|This soup does not contain bananas, but (quite against my will) my house does.|
This is my favourite soup. It might be your favourite soup, too. It's also really easy if you already have a batch of home-made chicken stock in your house and you haven't contracted a fear of your immersion blender as a result of a horrible exhaustion-plus-stupidity-plus-walnut-pesto accident that landed you in the emergency room with the end of an immersion blender attached to the end of your arm.
But I don't want you to associate this soup with idiotic and painful kitchen accidents. This is the soup that lures you BACK to your immersion blender despite your kitchen-appliance-PTSD, because it's so damn good.

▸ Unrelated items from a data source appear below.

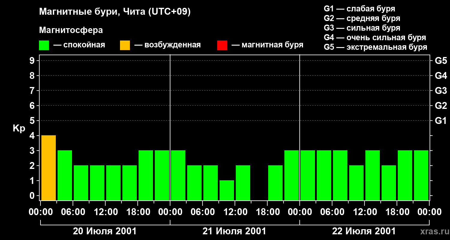 Изменения геомагнитного индекса Kp с 20 по 22 июля 2001 года для средних широт
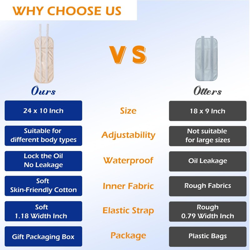 • OPTIMAL COMFORT FOR EVERY BODY TYPE: Discover the luxury of our larger-sized 24 x 10 Inch castor oil pack wrap, complete with adjustable straps tailored to fit every unique body shape. Enjoy the soothing benefits of our specially designed elastic straps softer and wider, providing durability and ensuring a snug, comfortable fit during every use. Our castor oil packs for liver detox are deal for individuals seeking a tailored experience for their wellness journey
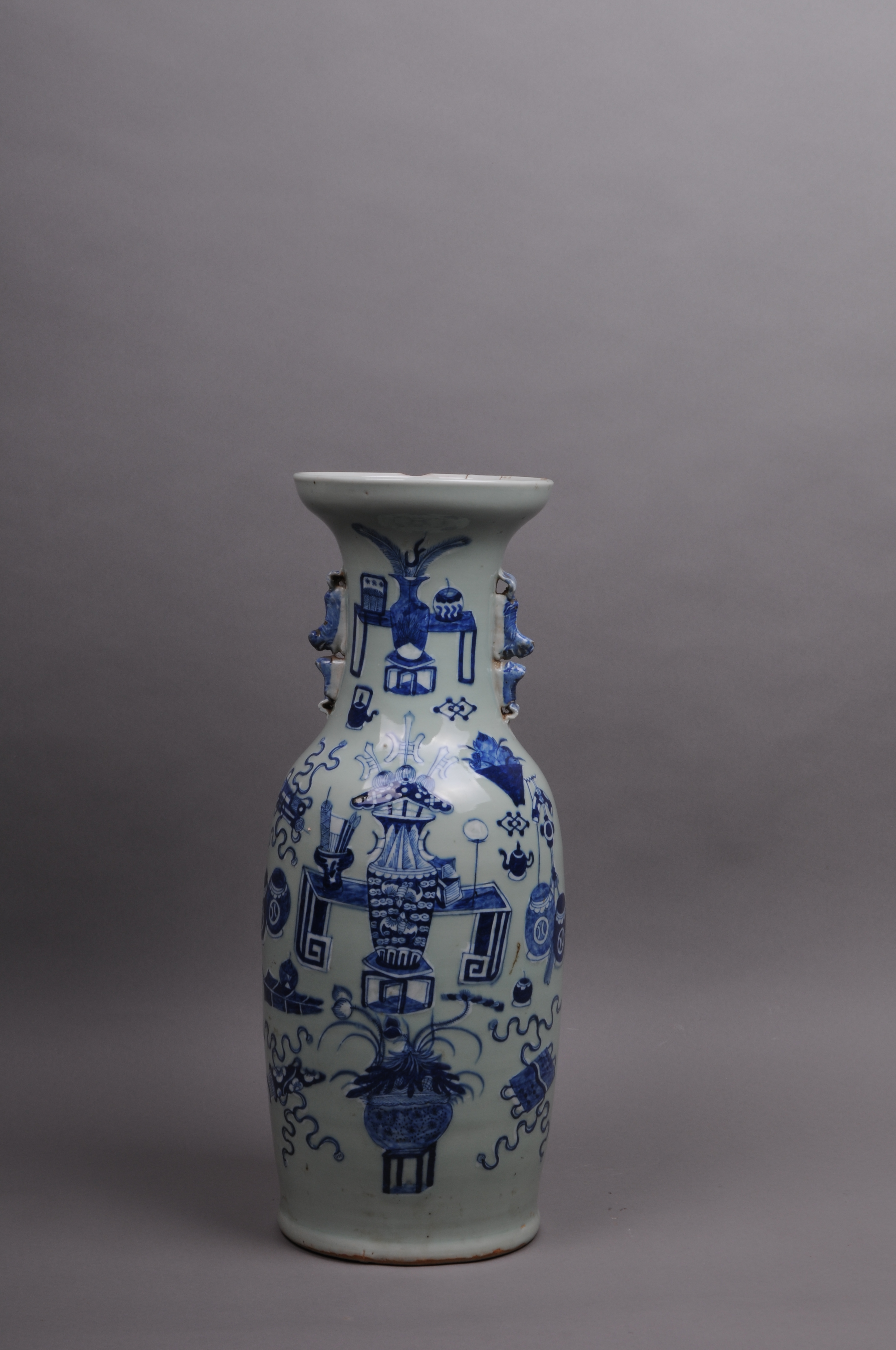 100064清豆青釉青花博古图双耳瓶
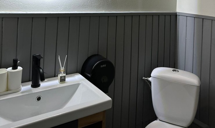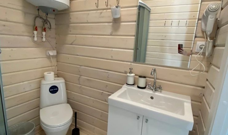 Санузел: душ, раковина, унитаз, фен
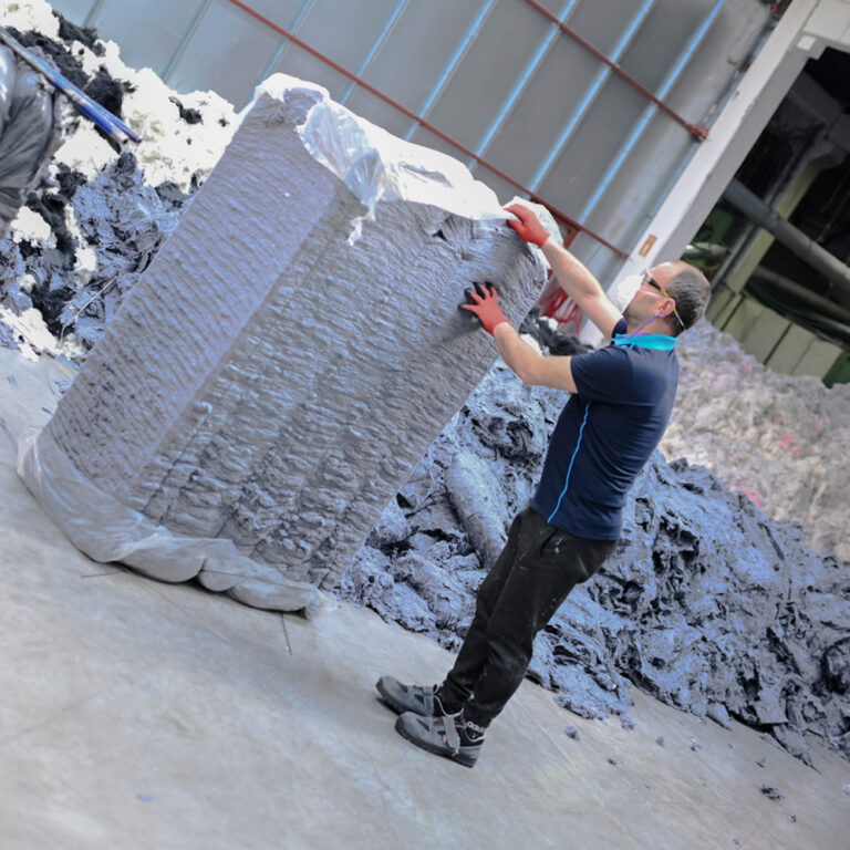 The textile wastes turned into fibers are broken down into smaller pieces and cut to the desired length. At this stage, the quality and homogeneity of each piece are ensured, leading to excellent results in the subsequent stages of production.

|What you are seeing is the smell of deliciousness.|
That all being said, don't bother making it if you don't have any home made chicken stock. Or at least some really quality stock from some local shop. The stuff that comes in cans and boxes at the big grocery store is useless at making soup that tastes anything but 'meh'. Is that snooty of me? To expect you to make your own chicken stock? It's really much easier than it sounds. It's time consuming, but it's all sitting-and-watching-movies time. I need to make some soon, so maybe I'll try to write down the process for you in a really un-intimidating way.
But if you've already got stock, say a litre or so, make this soup.
|I grew my own chives and used them all in this soup. All two of them.|
Get a small butternut squash, a few tomatoes, a leek, some garlic, and a few pears. Peel and de-seed the squash and chop it roughly. Quarter the tomatoes. Use the washed, white and light-green parts of the leek. Peel a few cloves of the garlic. Core the pears. Toss them all in some olive oil and spread them out on a big cookie sheet. Or two small ones. (With some tin foil underneath if you don't like washing up.) Sprinkle everything with salt and pepper and roast it at about 400F until the squash and the pears are tender. Dump it all in a pot with your chicken stock and blend to whatever consistency you prefer. I suppose this could also be done with a regular blender, in batches. Heat the soup up to whatever temperature you like and consume with relish (as in, "I shall relish my revenge!" not "I like my burgers with relish.") Maybe dump some cream or Gorgonzola or something on top if you're having a dinner party. Really, it's probably best not to top this soup with relish.